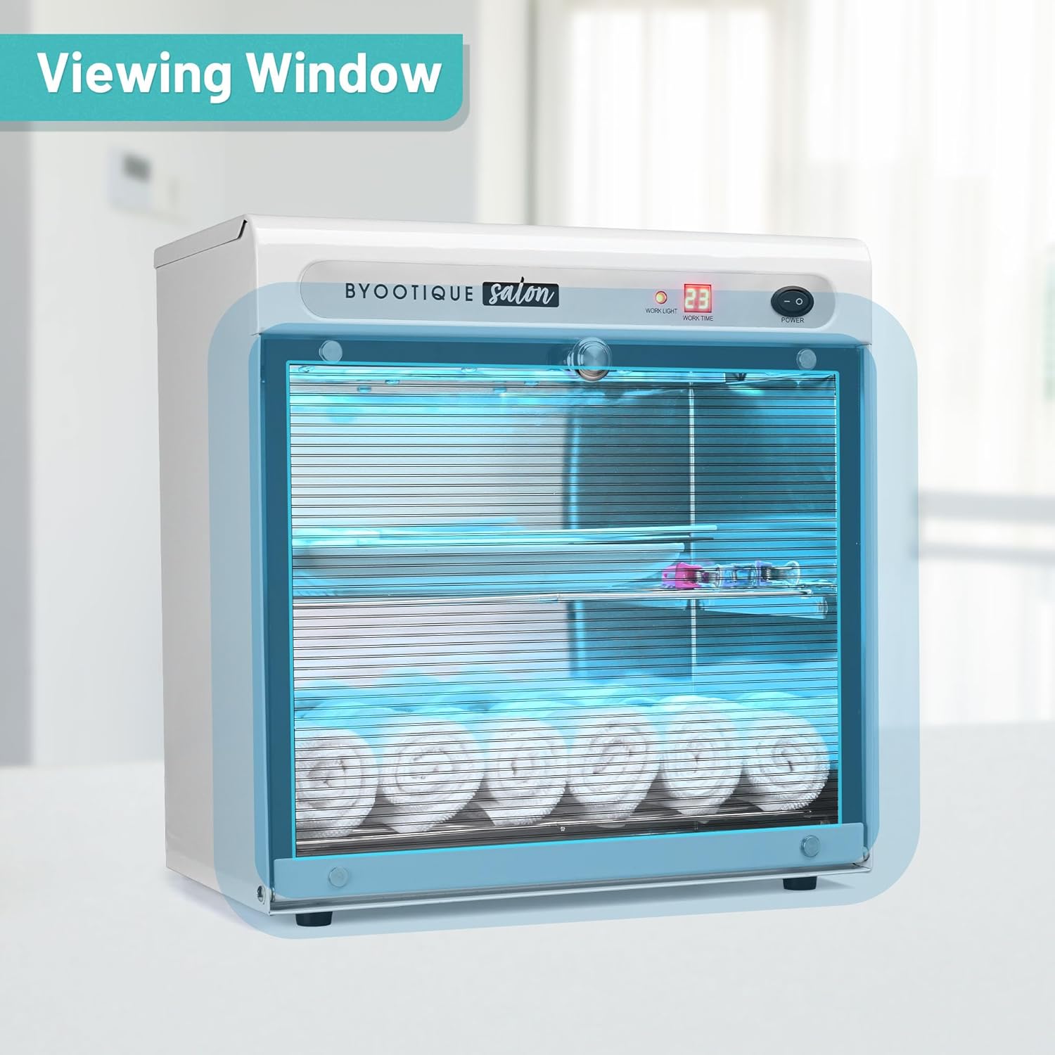 BYOOTIQUE 16L Nail Tool Cleaning Machine Electric Towel Cabinet Blue Light with Timer for Manicure Clippers Facial Skin Beauty Hair Salon Barbershop Spa Equipment Home Metal Tools
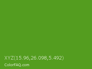 XYZ 15.96,26.098,5.492 Color is a normal green color and the nearest color is Vida Loca #549019. Hex code #549d1f and RGB value is rgb(84,157,31). In RGB color space, this color is composed of 33% red, 62% green, 12% blue, In CMYK color space, this color is composed of 46% cyan, 0% magenta, 80% yellow , 38% black , In HSL color space, this color has a hue angle of 95° , 67% saturation and 37% lightness.
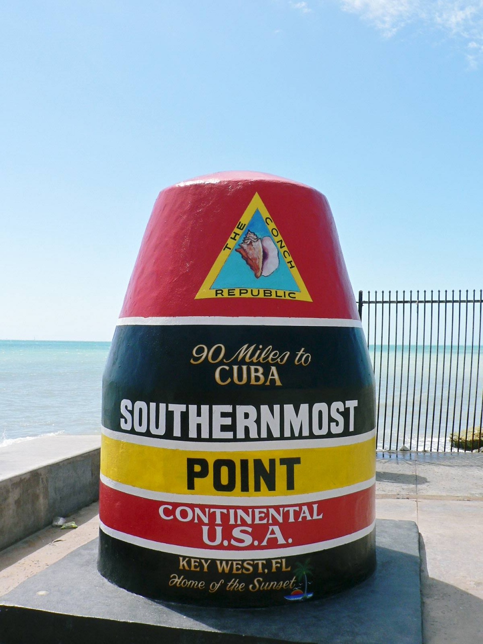 フロリダ、キー・ウエストのサザン・モスト・ポイントは米国のアメリカ最南端地点で最南端を示す碑が建っている。キー・ウエストで有名な場所なので記念撮影をする人が後を絶たない。ただし、ここは民間人が入れる最南端で実際の最南端は、さらに南にある軍事基地。
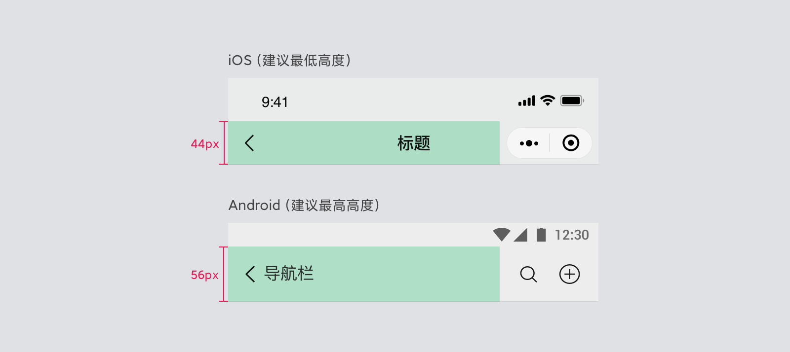 下面从颜色、样式、布局等方面详细介绍下导航栏。 4.3.1 导航栏高度官方给的数据是iOS系统44dp,Android系统56dp。也就是适用区间建议44dp-56dp为宜,这个可根据实际情况进行调整。
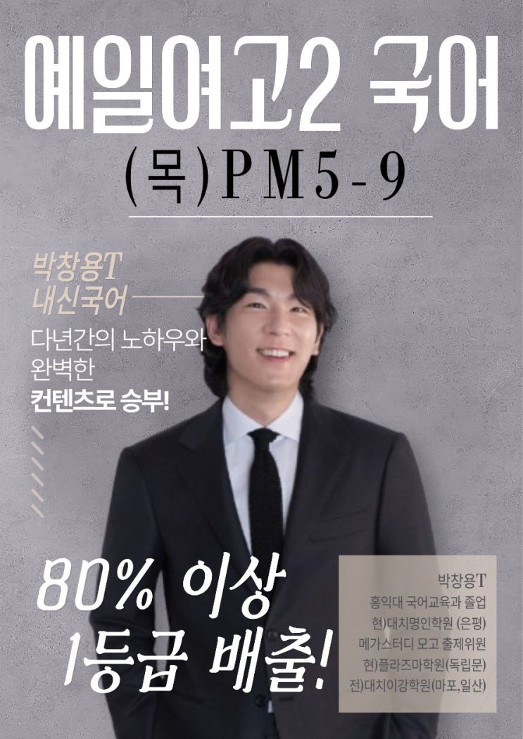 (목) PM 5-9 은평구 권내 국어 전교권 매년 배출의 신화! 내신반 학생 80% 이상 1등급! 그 누구도 범접할 수 없는 자료 학생들의 시선을 사로잡는 강의! 예일여고 국어 내신 시험은 세밀한 출제 경향과 더불어, 2학년부터는 수능형 문항 비중이 높아지기 때문에 전략적인 접근이 필요합니다. 박창용T의 다년간의 노하우와 완벽한 컨텐츠로 예일여고2 국어를 책임지겠습니다!! - 박창용T - 홍익대 국어교육과 졸업 현) 대치명인학원 (은평) 메가스터디 모고 출제위원 현) 플라즈마학원(독립문) 전) 대치이강학원(마포,일산) 대치명인은평캠퍼스 상담 및 문의 : 02-354-0058 문자전용 : 010-6221-0052 #은평명인학원 #대치명인은평캠퍼스....... <img src="https://blogthumb.pstatic.net/MjAyNjA0MDRfMTYw/MDAxNzc1Mjg5MTMzOTI5.nUHftwMLw1Ol7Uc7PlTOWSwpiJ799NKYYBd2_-tkqxcg.X21OPe4d_zsFEb-lG0MZ2lSWaK7CmKptEultyl8Q2FEg.JPEG/%B9%DA%C3%A2%BF%EBT_%B0%ED2_%C7%D0%B1%B3%BA%B0_%282%29.jpg?type=s3" />
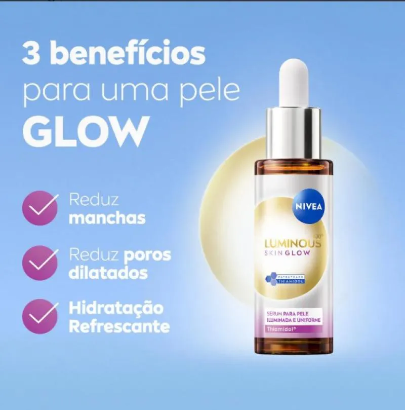 O Nivea Luminous630 Skin Glow é um sérum facial desenvolvido para quem busca uma pele com brilho natural, uniforme e saudável. Sua fórmula potente, enriquecida com Thiamidol, Niacinamida e Aloe Vera, atua em três dimensões: reduz manchas, diminui poros dilatados e hidrata profundamente. Além disso, promove uma sensação refrescante imediata e pode ser usado como primer antes da maquiagem.
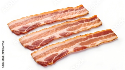 Three strips of cooked bacon with visible fat and meat on a plain white surface in a studio shot isolated on white background
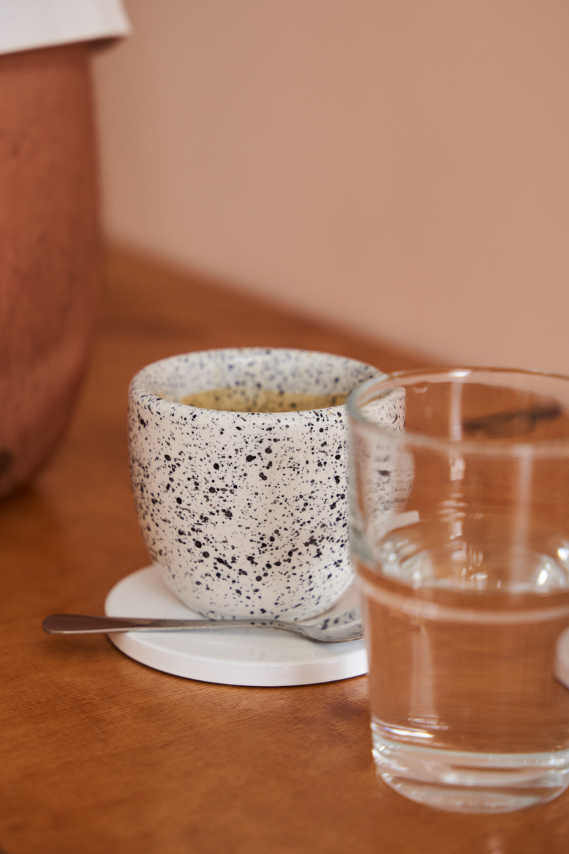 Ciastka ciastkami, kawa kawą, ale detale! Przychodząc do tej kawiarni na warszawskim Muranowie, spodzewajmy się jasnego, przestronnego wnętrze, lastryko obecnego w formie stolików i personalizowanej ceramiki od Wesky Studio. Tu nawet przestrzeń grająca rolę mini sklepiku z kwiatami, ceramiką i herbatą jest przyjemnym dla oka elementem wystroju.
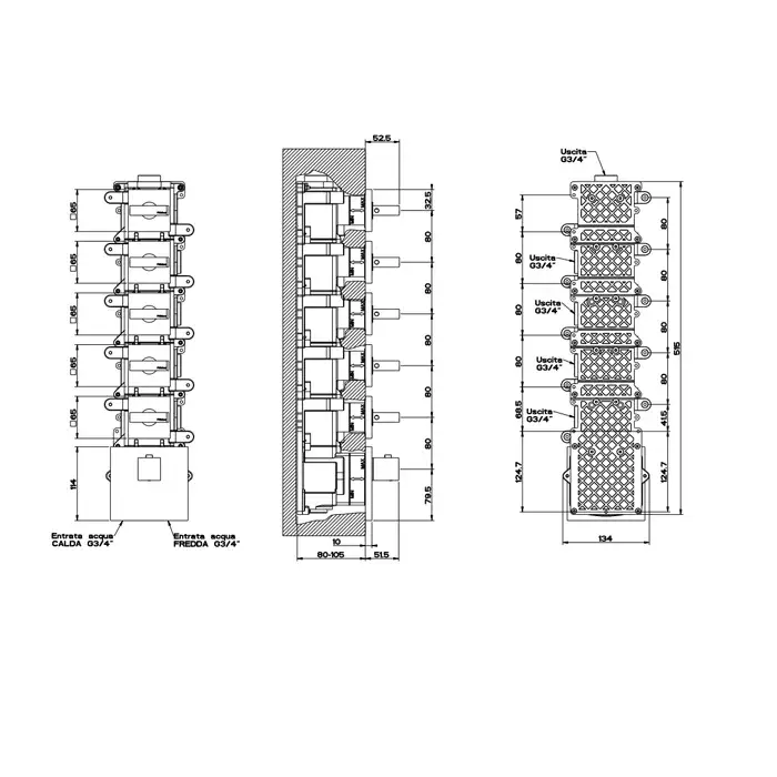 Gessi Rettangolo Смеситель для душа, встраиваемый, термостатический, подключение на 3/4", с 4мя независимыми выходами, внешняя часть, цвет: Black XL
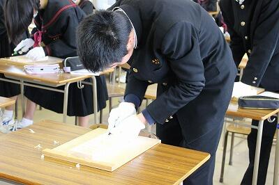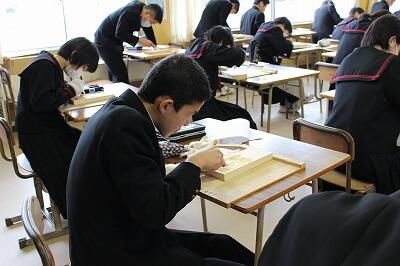 午前中の3年生は美術の時間で表札を彫り進めていました。
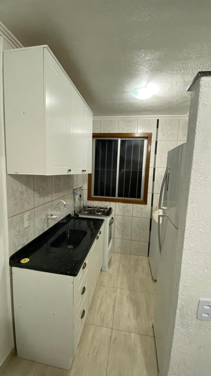 Apartamento mobiliado em condomínio fechado com lindo jardim, uma vaga de estacionamento e portão eletrônico. Excelente estadia para quem precisa trabalhar no distrito industrial de São Leopoldo, empresas como Stihl, Taurus, Klabin, Ensinger, Delga, Rexnord, Copé, entre outras, estão localizadas muito próximas. Possui mesa de jantar, sofá aconchegante, televisor 40", cooktop 5 bocas, refrigerador, máquina de lavar roupas, espaço para secar roupas, mesa para notebook e wi-fi disponível.

━━━━━━━━━━━━━━━━━━━━

§ **Instructions to follow**:
Every line above between the one containing "Gessi Rettangolo Смеситель" and the one containing "午前中の3年生は美術の時間で表札を彫り進めていました。", those two included, is to be printed exactly. No pictures go into the copy.

§ **Task output**:
 Gessi Rettangolo Смеситель для душа, встраиваемый, термостатический, подключение на 3/4", с 4мя независимыми выходами, внешняя часть, цвет: Black XL
 午前中の3年生は美術の時間で表札を彫り進めていました。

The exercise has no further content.